The track’s periodic markings can help you manage your pace during reps. Photo by Snapwire on Pexels.com

If you’re doing speedwork on a track, and trying to maintain a certain pace on speedwork reps… with some basic math, you can use each 100-200 meter sections on the track to monitor how fast you’re going.

For example, let’s say you’re trying to run 400 meters in 2 minutes (2:00). Your GPS watch will probably give inaccurate pace readings. This is not only because of the GPS margin for error, but because going in circles in the same location can lead your watch to believe you’re not moving much at all.

However, you can use the time reading and the markings on a track to keep pace.

To run a 2:00 rep for 400 meters, you need to travel 100 meters in 30 seconds (100 meters x 4 = 400 meters. 30 seconds x 4 = 2:00).

On most modern tracks, the 100 meter mark, 200 meter mark, and 300 meter mark will be indicated, along with of course the finish line at 400 meters.

At every one of those marks, you can look at your running time and see if more or less than 30 seconds has passed since your last measuring point. More than 30 seconds, and you need to pick up the pace. Less than 30 seconds, and you’re exceeding your projected pace (whether or not you need to slow down depends on your goals for the rep).

If you struggle with doing math on the fly, you can use your watch’s lap function to get your time between time-points.

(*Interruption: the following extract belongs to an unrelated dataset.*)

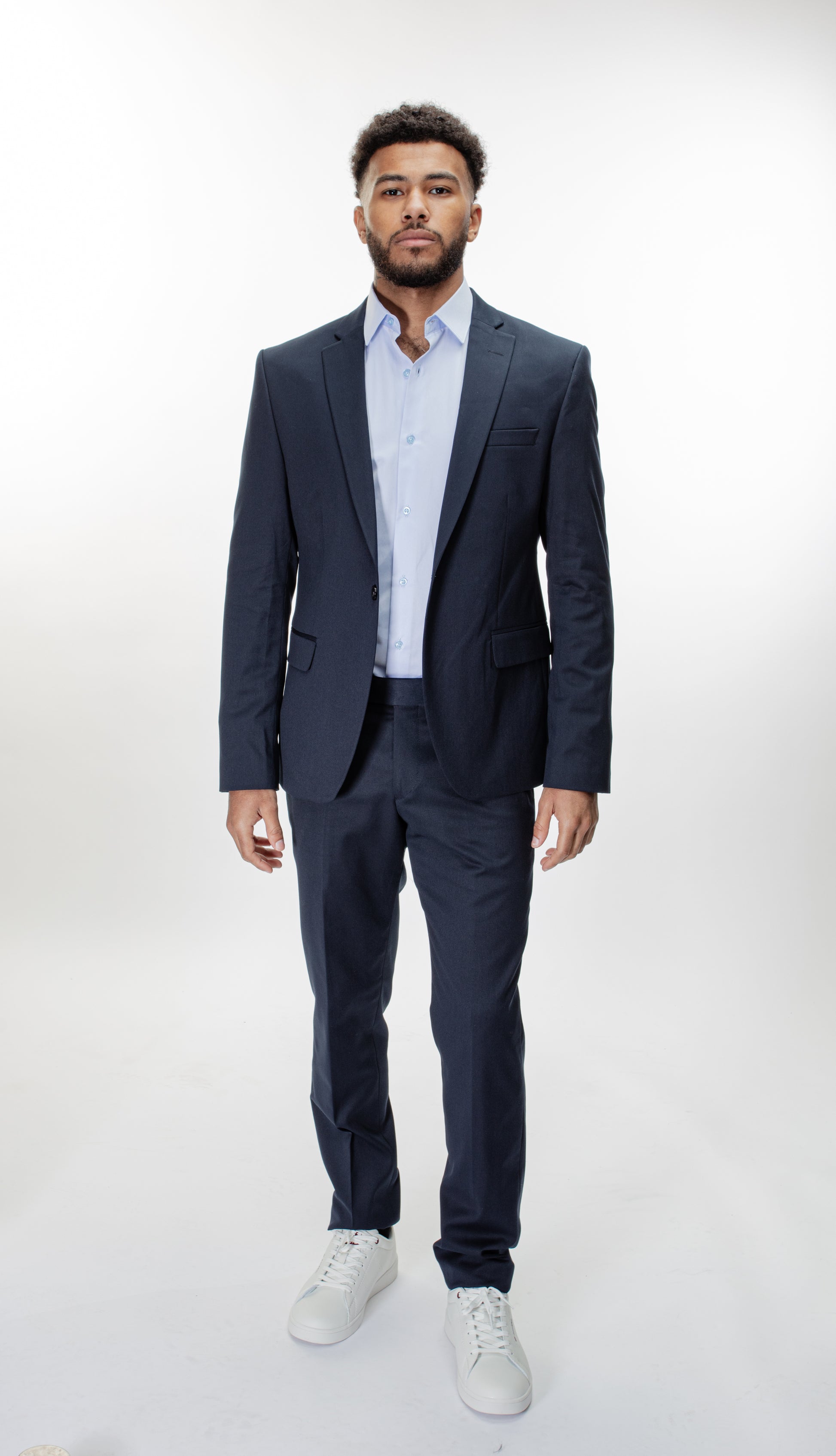 Style décontracté et chic : Sur les photos, le costume est porté avec un t-shirt blanc et des baskets blanches, offrant une touche décontractée tout en conservant un style élégant. La coupe moderne et le tissu extensible permettent une transition facile entre un look formel et un look plus relax, parfait pour les événements moins formels ou les sorties en ville.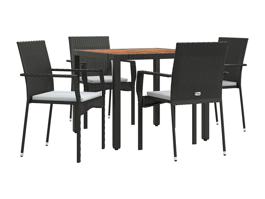 Arvild 5-delige Tuinset met kussens poly rattan zwart

This approach is similar to occasionally reviewing your speedometer while driving to make sure you’re not speeding. You can check your watch and make sure you’re on track for your desired pace.

So, if you wanted to run 400’s in 1:45, then you check to make sure you’re running every 100 in about 26 seconds (1:44 total).

If you’re running 800 meter repeats and trying to do them in 3:50, you can check every 200 meters to make sure you’re crossing at 56-57 seconds… or every 100 meters at 28-29 seconds.

And of course, if you’re not on a track but out and about on the roads or trails, you can do some math using measurements from Gmap-Pedometer to assess your time at certain timepoints. It’s not as even as the track, but will still help you in the same way.

Of course you don’t need to check your pace every 100-200 meters. Maybe you only check occasionally, or for the first couple and last couple segments, to make sure you’re on pace. But this approach will help you monitor your pace on reps and guide you towards speeding up or slowing down as needed.